TRY IT: Word for word, set down the lines from the one that holds "Jysk Marstrand bord" through the final line of the listing below, and exclude every picture.

PROVIDED DATA:
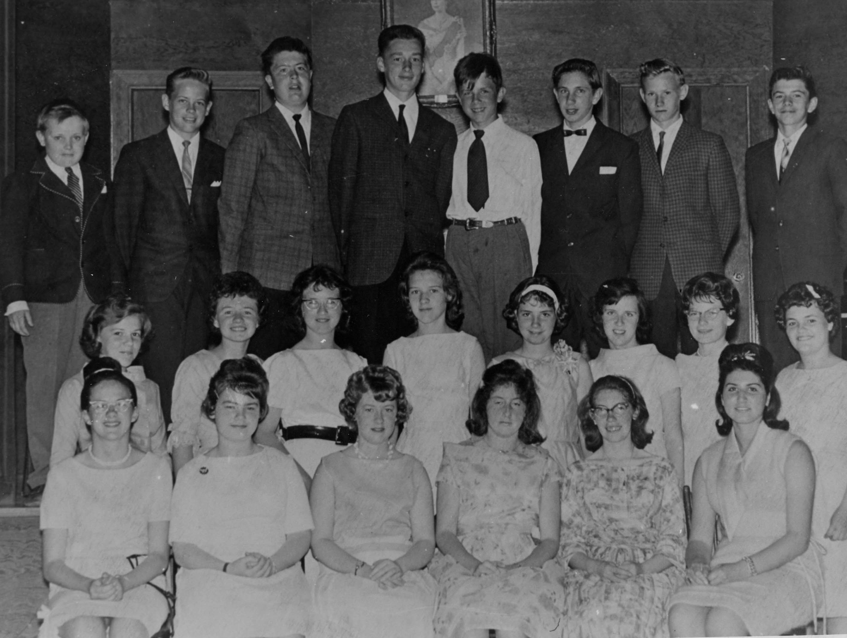 First Graduating Class from Innisfil Central School on the 5th Line of Innisfil. Back Row: (l to r) David Jonah, Kent Sturgeon, Bill Akers, Gary Keown, George Vasalouskiss, William Rainey, Wayne McKinnon, Douglas Kell, missing Walter Kellough. Middle row: (l to r) Sandra Jones, Diane Cooper, Dale Squibb, Shirley Marling, Bonnie Rainey, Marie Hillock, Beverly Beatty, Colleen Barrett. Front row: (l to r) Julianna Kempers, Diane McQuarrie, Janet McQuarrie, Karen Hooper, Mary Ann Burns, Jo-Anne Spataro.
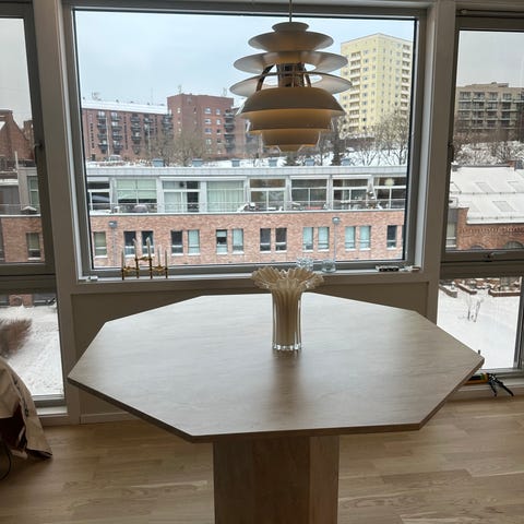 Jysk Marstrand bord selges rimelig. Bordplaten har noen få bruksmerker, og det er også et merke i tilleggsplaten. Uten om dette er bordet i god stand!
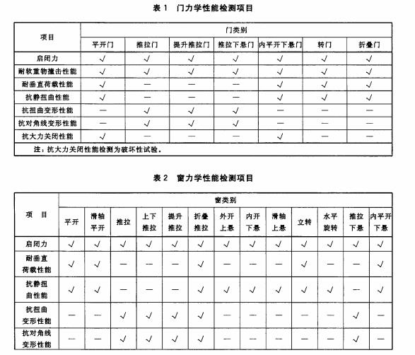 建筑門和窗力學性能檢測項目應分別符合表1和表2的規(guī)定。

OUTPUT FOR THIS EXERCISE:
 Jysk Marstrand bord selges rimelig. Bordplaten har noen få bruksmerker, og det er også et merke i tilleggsplaten. Uten om dette er bordet i god stand!
 建筑門和窗力學性能檢測項目應分別符合表1和表2的規(guī)定。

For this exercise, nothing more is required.